"""
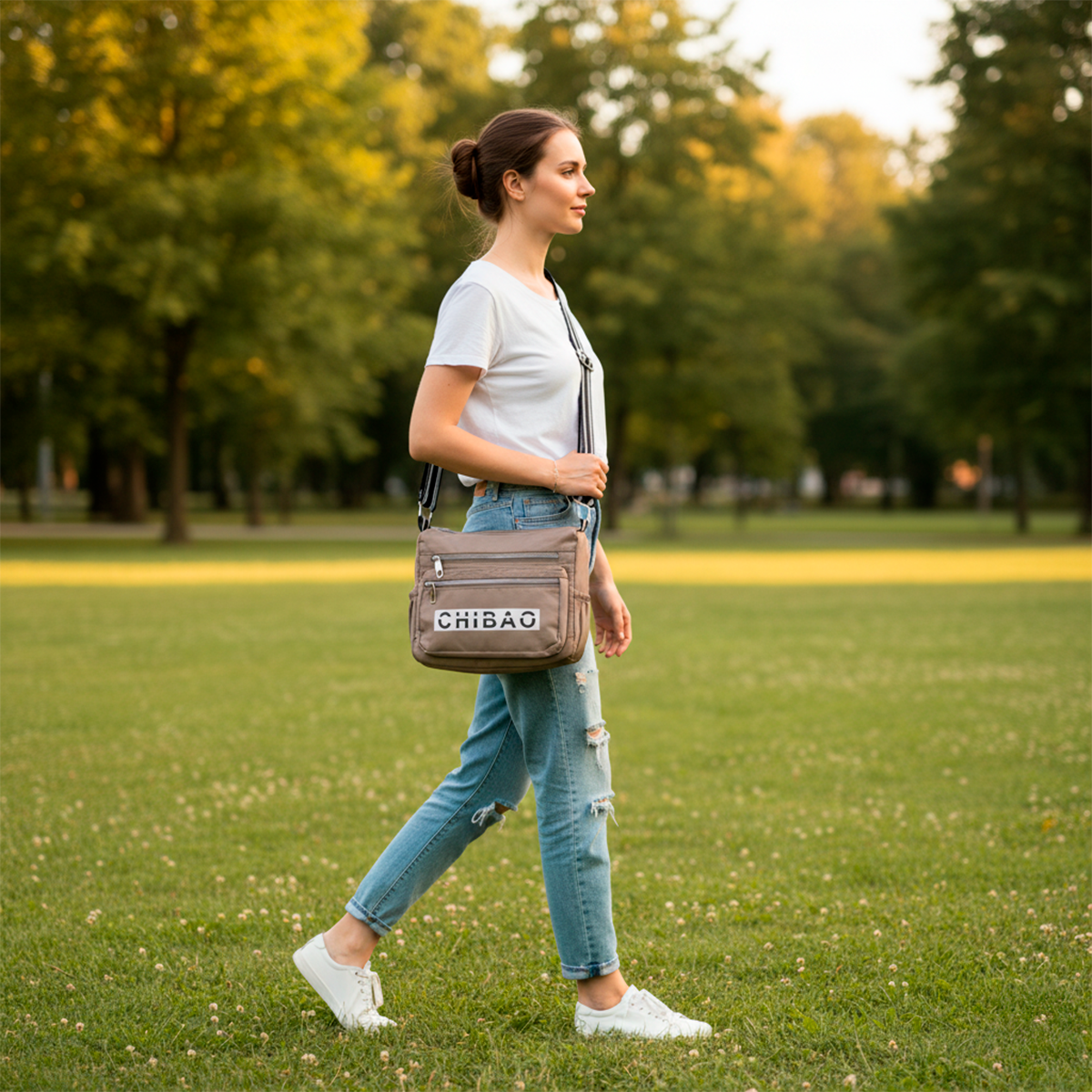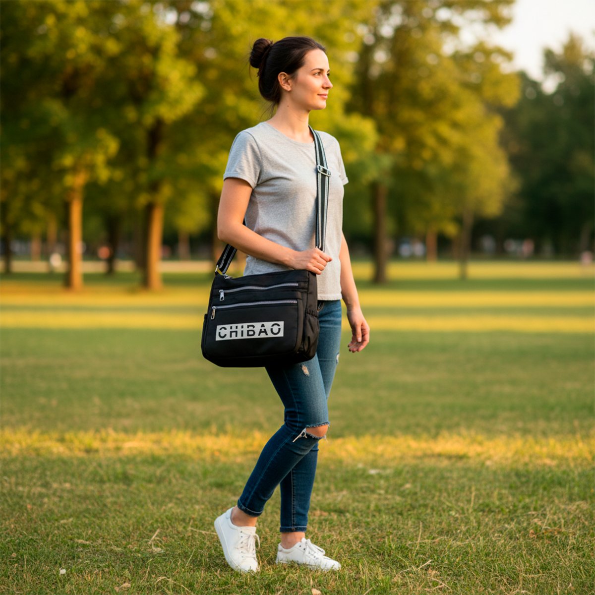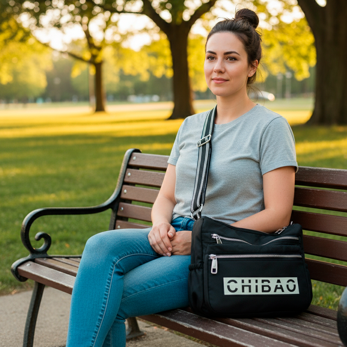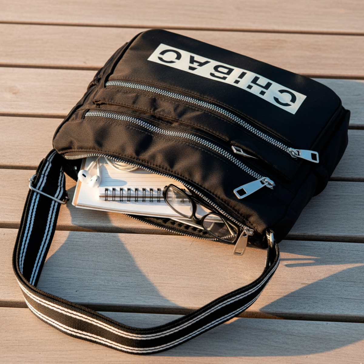 El Bolso Bandolera Chibao combina tela impermeable resistente con múltiples cierres y detalles funcionales, incluyendo el logo CHIBAO impreso al frente. Su diseño compacto y organizado permite llevar todos tus objetos esenciales de manera práctica y segura, con un estilo urbano que combina con cualquier look.
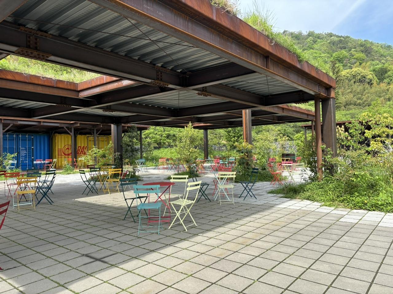緑の広場と周りの山々の緑、建物もお洒落でどれも、融合していました。
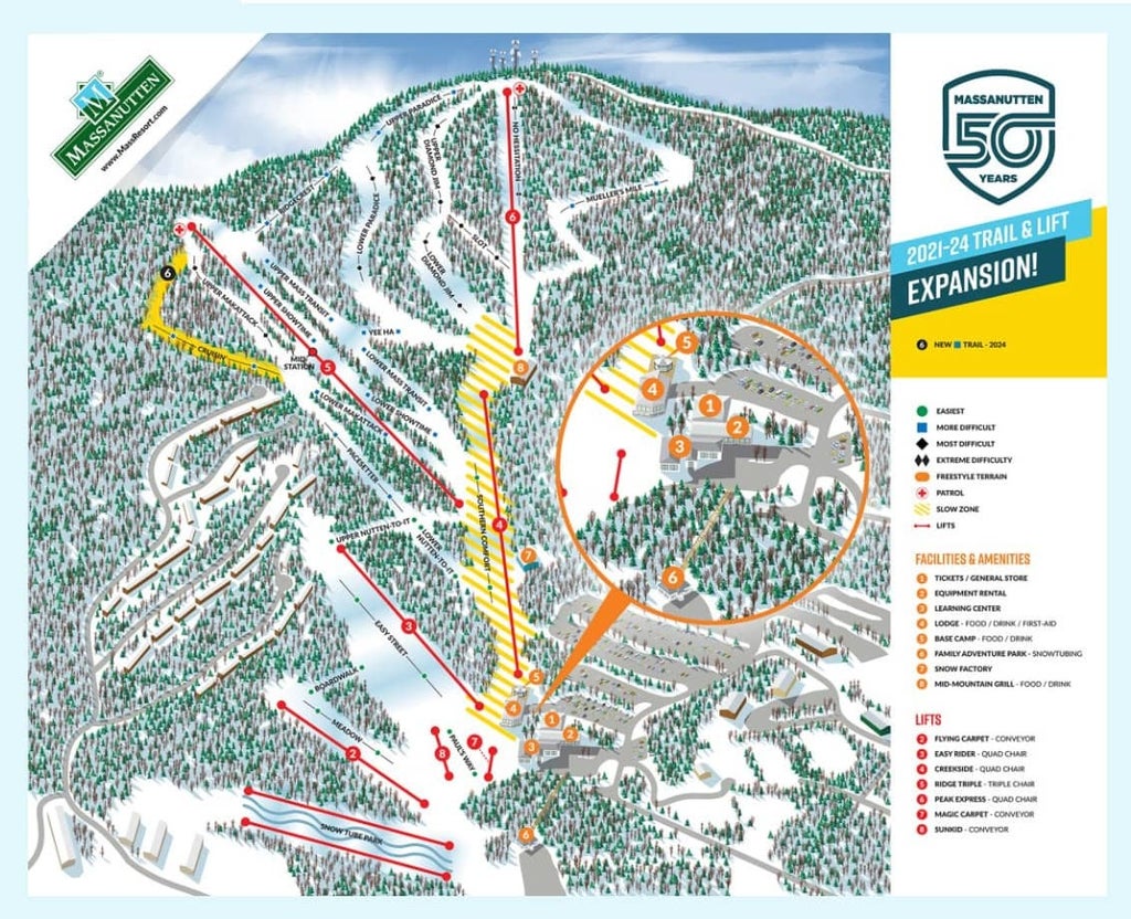 Massanutten ski resort is located in the Shenandoah Valley of Virginia, approximately 15 miles from downtown Harrisonburg. The nearest airport is the Shenandoah Valley Regional Airport, and it is a 30-minute driv...more
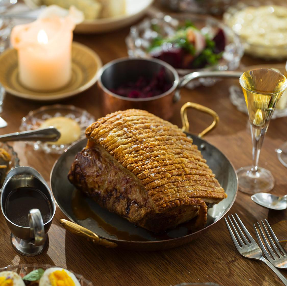 En klassisk julemenu med alle traditionerne. Hertil vores hjemmelavede snaps og brændevin, gode ærlige råvarer, de velkendtedufte fra køkkenets gryder og ægte julehygge.
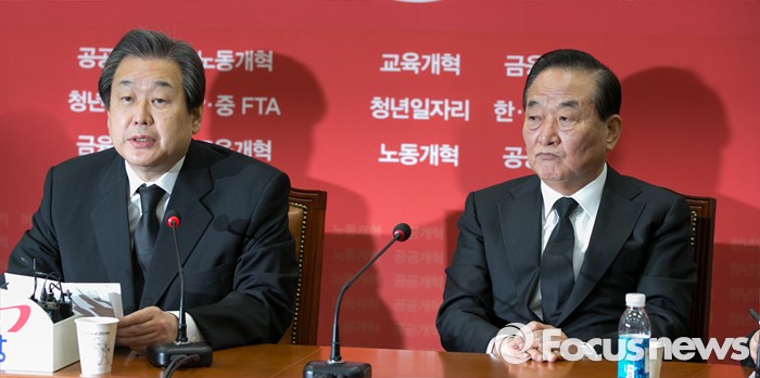 | △ 지난 26일 오전 서울 여의도 국회에서 열린 새누리당 최고위원회의에 김무성(왼쪽) 대표가 참석해 모두발언하는 동안 서청원 최고위원이 경청하고 있다. <사진제공=포커스뉴스> |
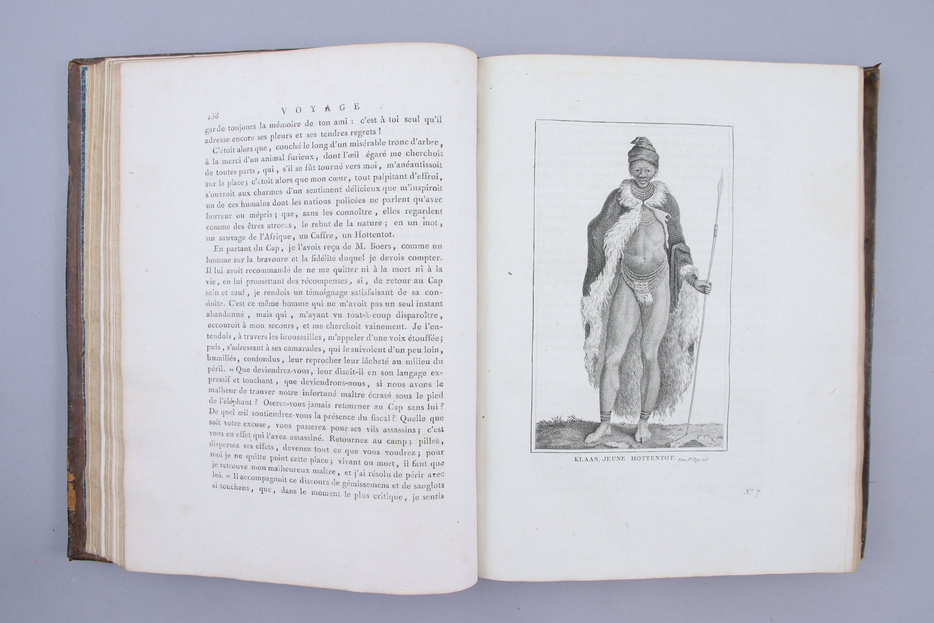 Assez bon exemplaire de ce récit de voyage passionnant, qui connut de nombreuses éditions. Le Vaillant, aventurier, ethnologue, ornithologue (et fournisseur d'oiseaux exotiques divers pour les cabinets de curiosité), est un des personnages les plus romanesques de cette époque qui n’en manquait pas..
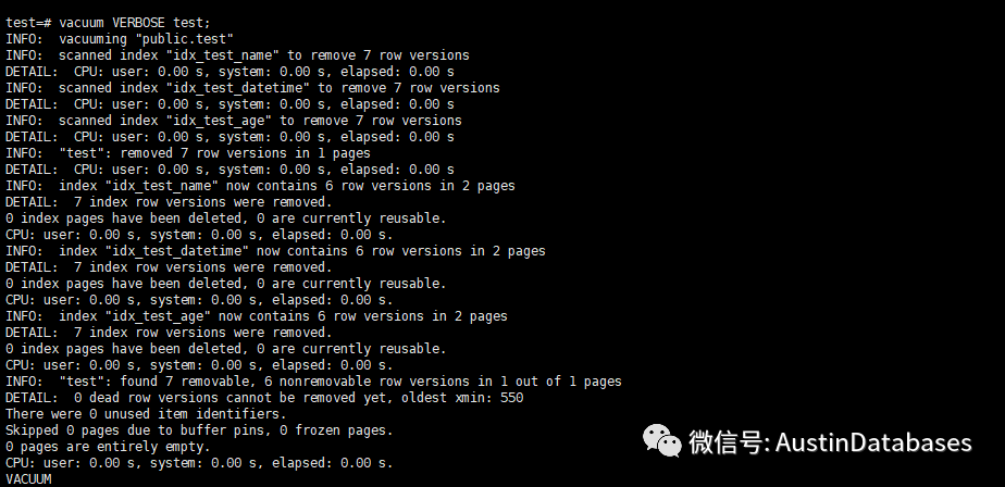 通过命令我们也可以看到 vacuum 后的空间回收了,并且页头也重新标记了次页面的容量,但指针是不在回收了。
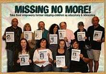 Take Root, a non-profit organization established on a grant from the United States Department of Justice,[1][2][3] is the first missing-child organization ever founded by former abducted children.[4][5] Founded in 2003 and incorporated as a 501(c)(3) in 2005, over five hundred former abducted children have participated, providing peer support to fellow former abducted children, advocating on child-abduction issues from the child-victim's perspective, and providing landmark information on the victimology of child-abduction to multidisciplinary professionals, impacted families, and the public.[5] The agency's mission is to "insert the voice of the primary victim into public and policy discussions on abduction, using the collected wisdom of former missing-children to improve America's missing-child response." Their tags-line are "beyond recovering missing-children; to helping missing-children recover" and, "where missing children are seen and heard." Take Root is the brain child of Melissa "Liss" Haviv, a Fulbright Scholar in cultural anthropology and former abduction victim who is considered a leading expert in the victimology of long term child abduction [5][6][7][8]
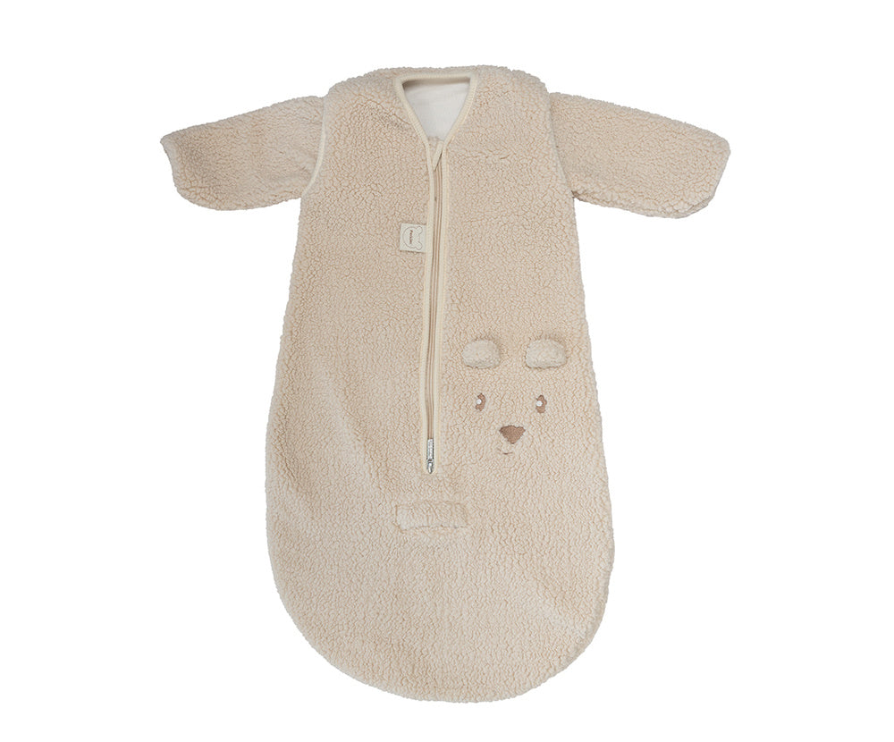 Deze zachte teddy slaapzak zorgt voor een comfortabele en veilige slaapomgeving voor je baby.
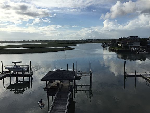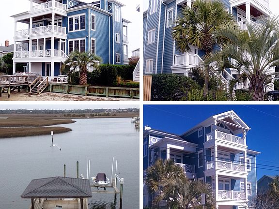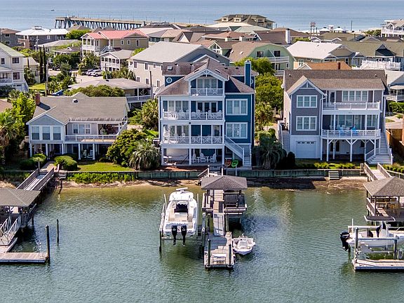 Grand waterfront beach home in Wrightsville Beach. One owner. Private dock, multiple slips including boat lift. 5BR, 5.5BA, 3 car garage, 2 large living areas and oversized rooms, beautifully appointed, furnished and spectacular sunsets. Whirlpool tub and tiled shower in master bath. There are 3 washers and 3 dryers and an elevator. All rooms and porches have beautiful water views.
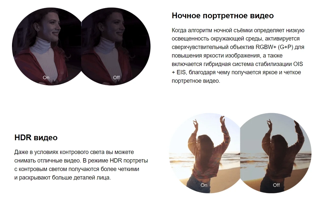 Функции камеры: Искусственный интеллект (ИИ), Лазерная автофокусировка, Оптическая стабилизация, Портретный режим, Распознавание лица, Серийная съемка, Съемка HDR-видео, Съемка HDR-фото, Съемка в условиях недостаточной освещенности, Цифровая стабилизация, Эффект боке
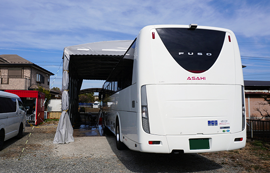 大型バス特有の高さがありますので、複数名のスタッフで安全を確認しながら作業を進めます。
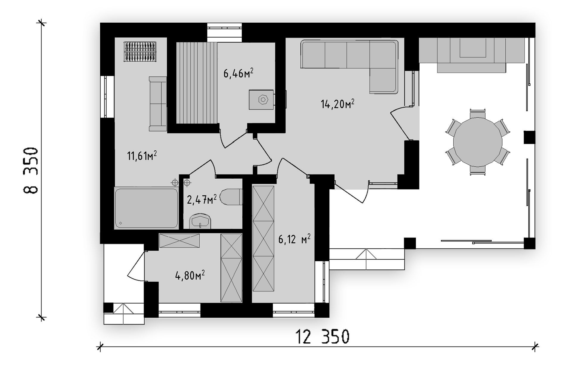Проект бани с остеклённой террасой.
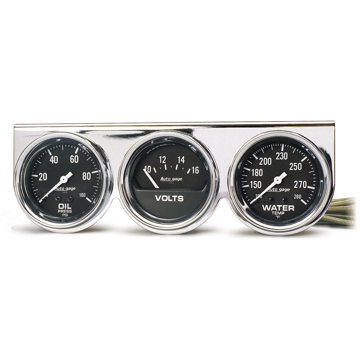 AUTO METER 2399 Autogage Black Oil/Water/Volt Gauge with Chrome Console,2.625 in.
"""
:: PROBLEM ::
From the line with "大型バス特有の高さがあります" through the final line of the data above, copy everything exactly, both ends included, but not the pictures.

:: PROBLEM SOLUTION ::
 大型バス特有の高さがありますので、複数名のスタッフで安全を確認しながら作業を進めます。
Проект бани с остеклённой террасой.
 AUTO METER 2399 Autogage Black Oil/Water/Volt Gauge with Chrome Console,2.625 in.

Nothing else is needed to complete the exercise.